Limitations include the relatively short duration of longitudinal data collection, the specific population (CAWI panel members, representing frequent internet-users), and the specific timing of data collection during a global crisis, which may have influenced participants’ well-being and behaviour. Moreover, sample size differences between participants who acquired a pet and non-pet owners could have distorted the magnitude of the observed differences. We addressed this concern with bootstrapping, which allowed us to derive more reliable estimates of variance, and random effects helped control for individual-level variability. Another limitation is the lack of information on whether the participants were the primary caregivers of the pet or merely lived with it. To mitigate this, we reported that 12–15% of participants whose households acquired or lost a pet lived alone, suggesting they were likely the primary caregivers. Additionally, the majority (87%) of participants reported that the pet was at least “somewhat” important to them, supporting the assumption that most participants had a meaningful relationship with the pet. A further limitation is the lack of specificity regarding the species of pets in the “other” category, which restricted the interpretation of species-specific effects. Future research should aim to examine the combined impact of well-defined pet ownership and external stressors on mental well-being, particularly in non-pandemic times on a larger sample size, to better isolate the specific effects of pet acquisition on long-term well-being.

Conclusion

Our findings—that acquiring a pet into the household during a global crisis has only a short-term positive effect on well-being, followed by a negative effect in the case of dog acquisition, while losing a pet has no significant impact—challenge the common belief that pet ownership improves well-being.
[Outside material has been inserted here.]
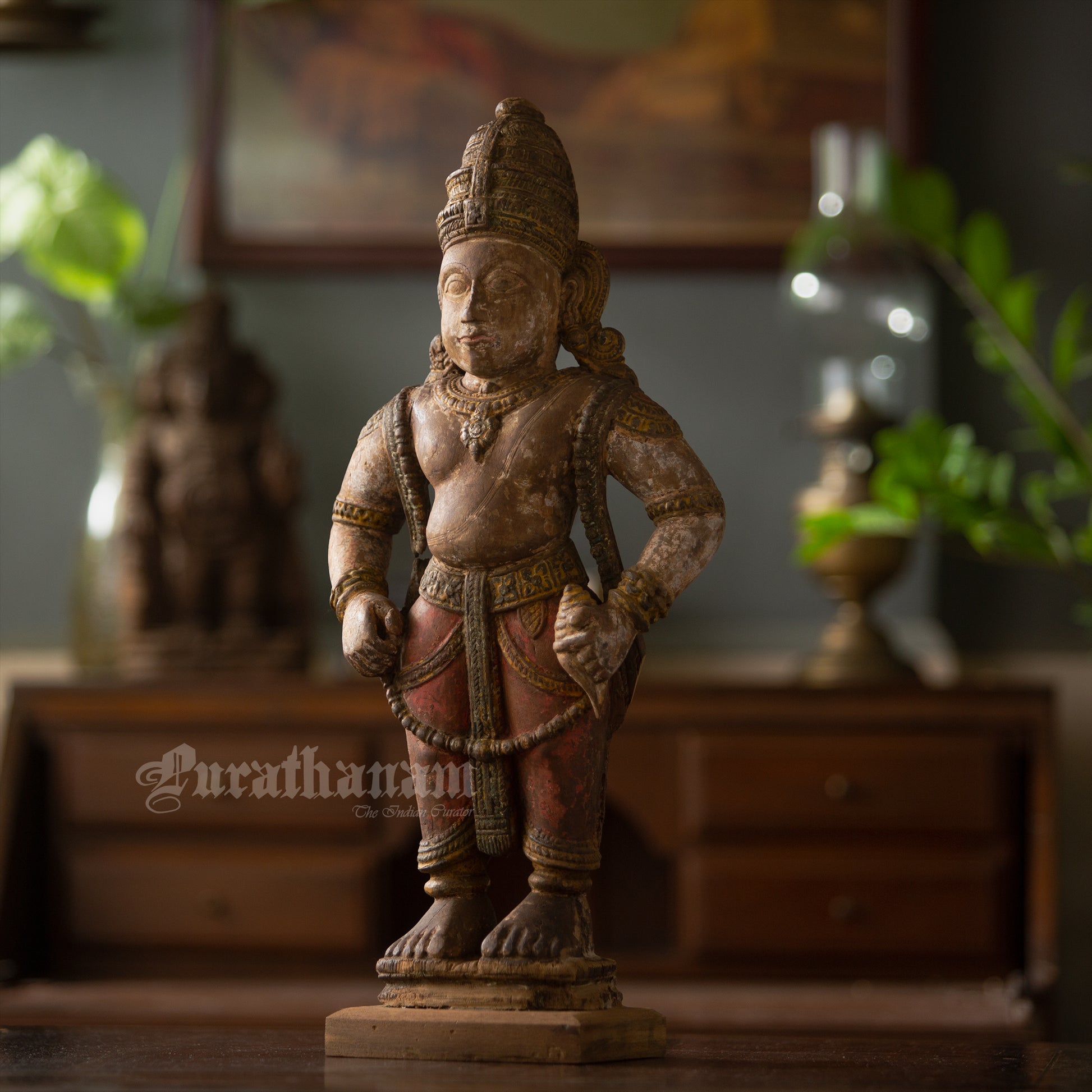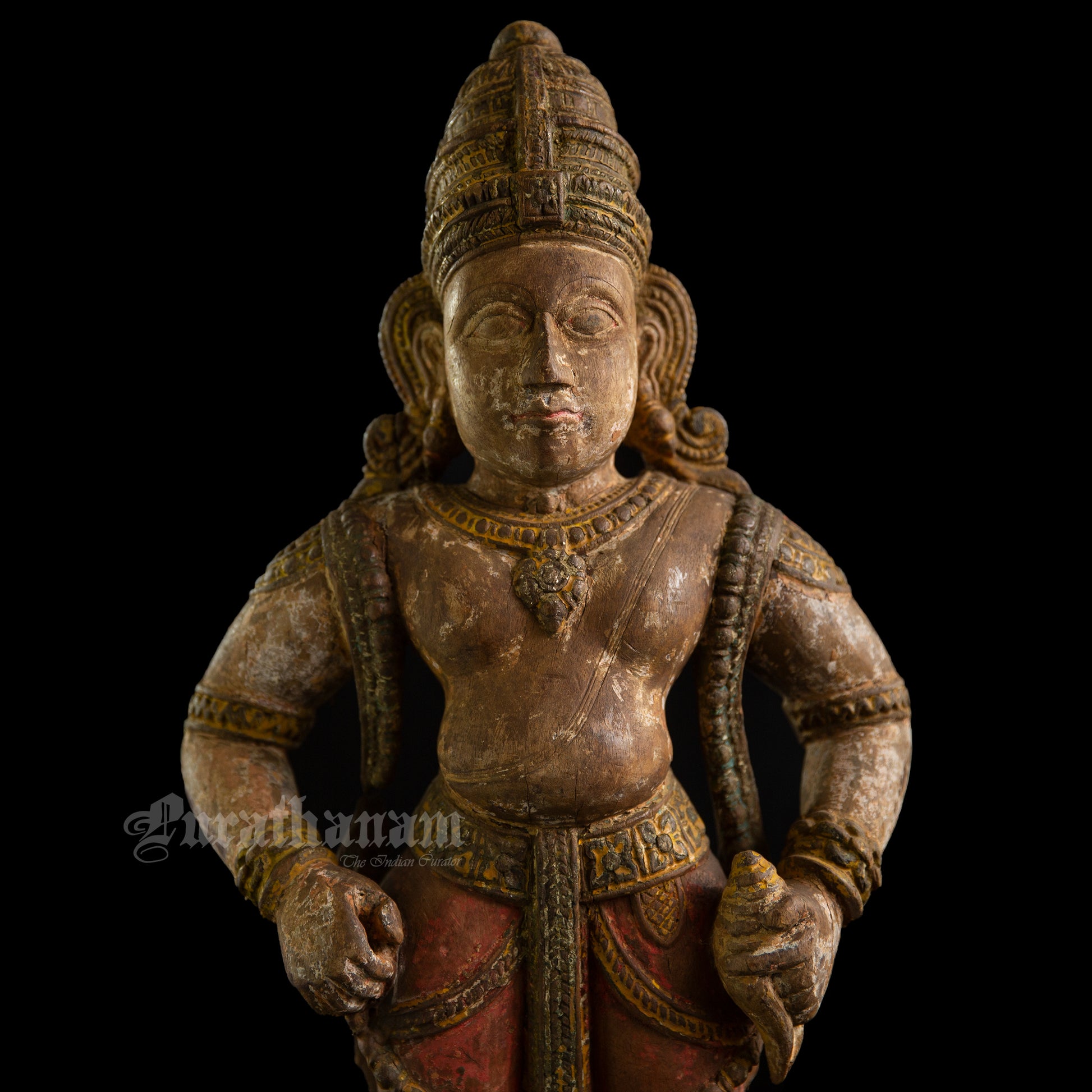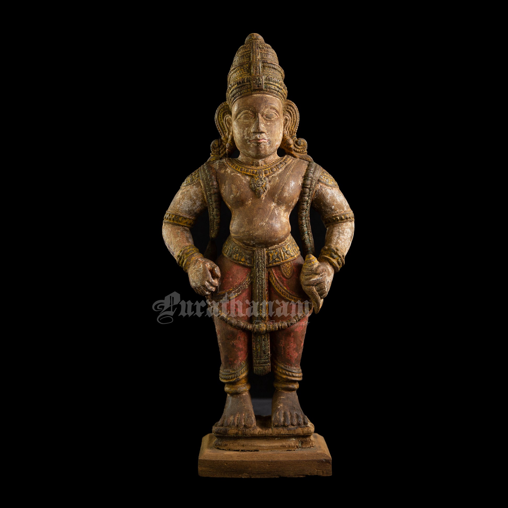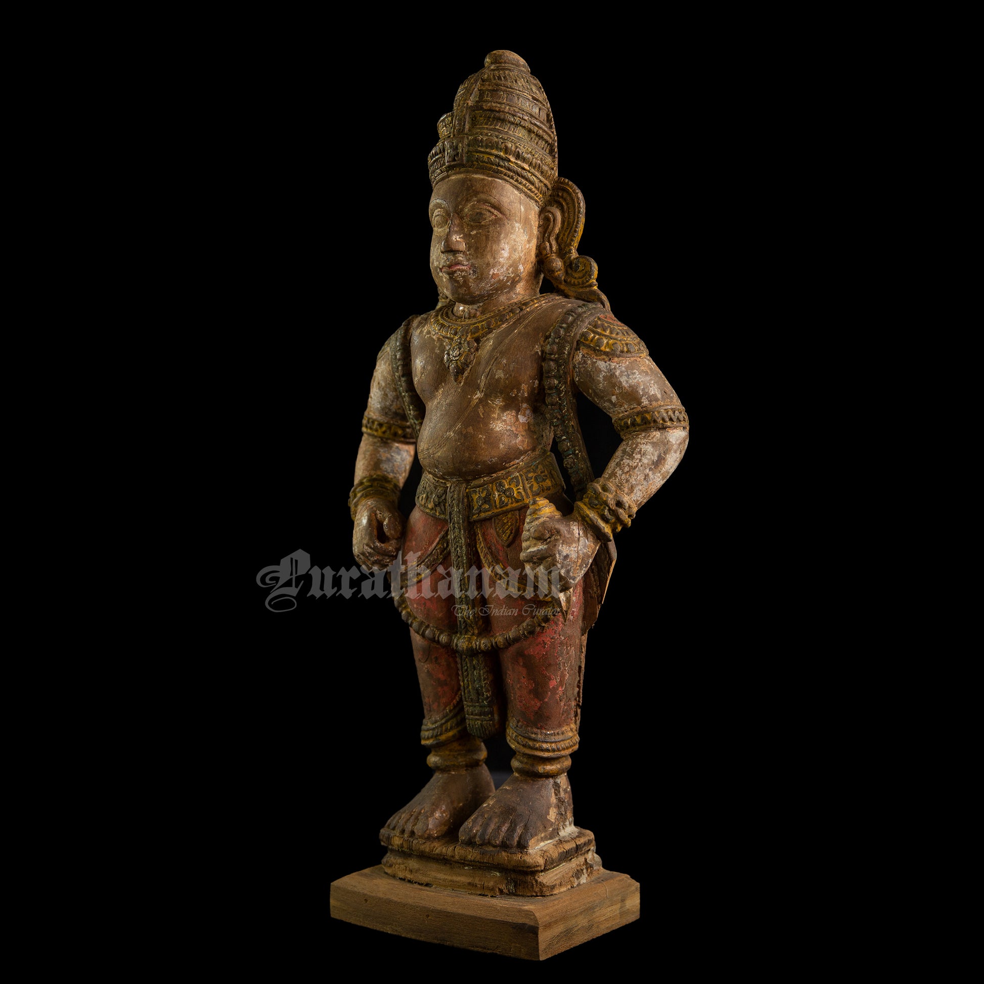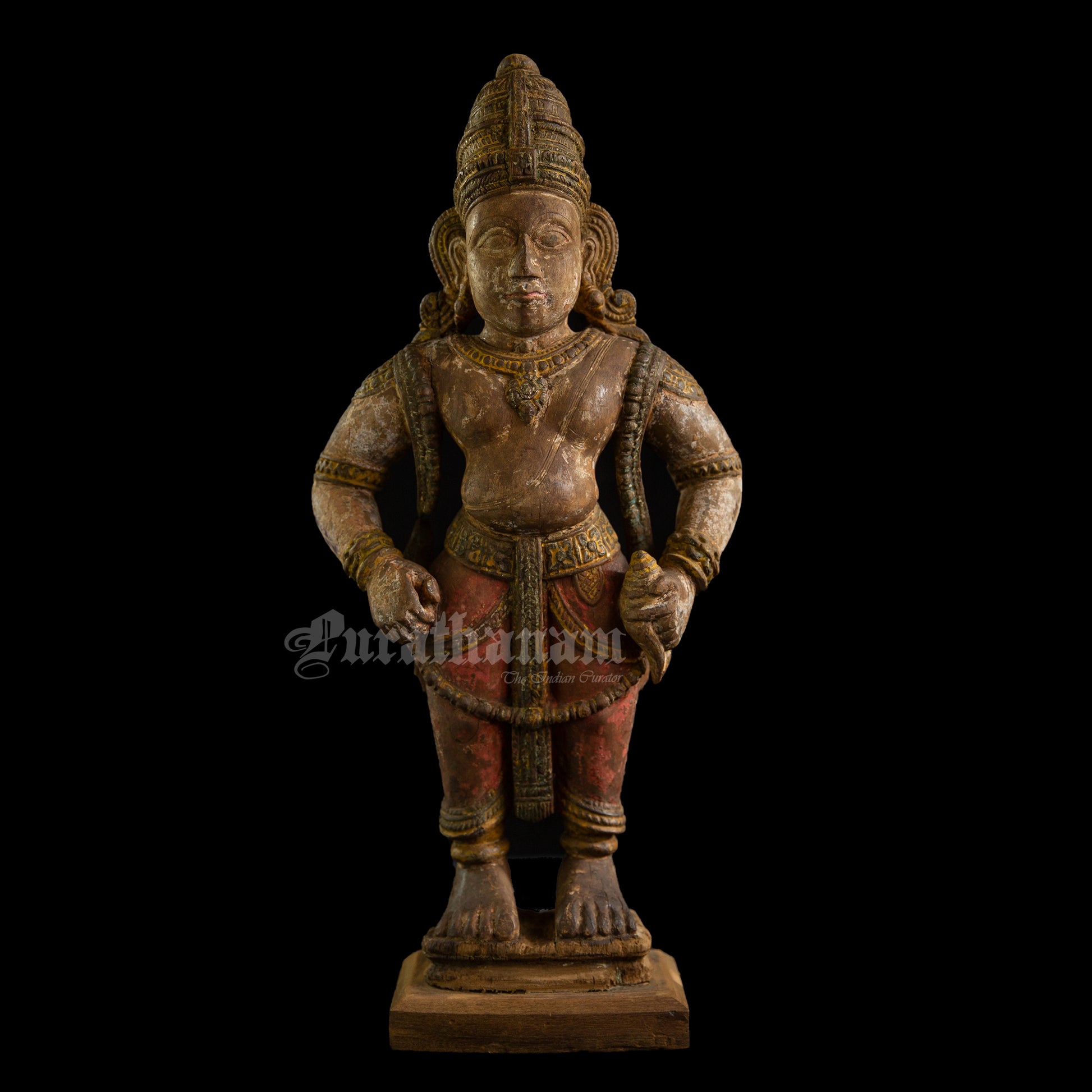Here is a beautiful hand carved wooden sculpture of Vittal which is more than a century old. The colors the artist has used on the sculpture is so subtle and the aging just adds to the character of Vittal wooden sculpture.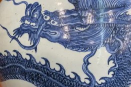 宣德青花图案以线条流畅、纹饰豪放生动著称。夔龙纹样用于青花瓷始于宣德朝,至成化时已成为瓷器上的典型图案,后世亦多延用。宣德时所用青料据明万历时王世懋《窥天外乘》和黄一正《事物绀珠》中所记为“苏麻离青”,这种青料含铁量高,含锰量低,在适度的窑炉气氛下烧成后能呈现宝石蓝般鲜艳的色泽,但由于含铁量高,在青花色彩上常自然形成不均匀的黑色结晶斑点,与艳丽的蓝色相互映衬,更增其艺术魅力。此罐之青花色泽即具有这一时代特征。

This suggests that results based on representative samples of individuals living with pets but not necessarily the primary caretakers may differ markedly from those obtained from convenience samples, which often include highly devoted pet owners with particularly strong emotional bonds to their pets. This highlights the importance of recognizing potential biases in convenience samples, as their findings may not be generalizable to the broader population. Furthermore, the findings underscore the context-dependent nature of the human-animal bond. The stress and uncertainty of a global crisis may alter the typical emotional and psychological benefits of pet ownership, suggesting that the timing and context of acquisition could be key moderators of its effects on well-being. Future research should explore how broader social and psychological factors shape the impact of pet acquisition over time.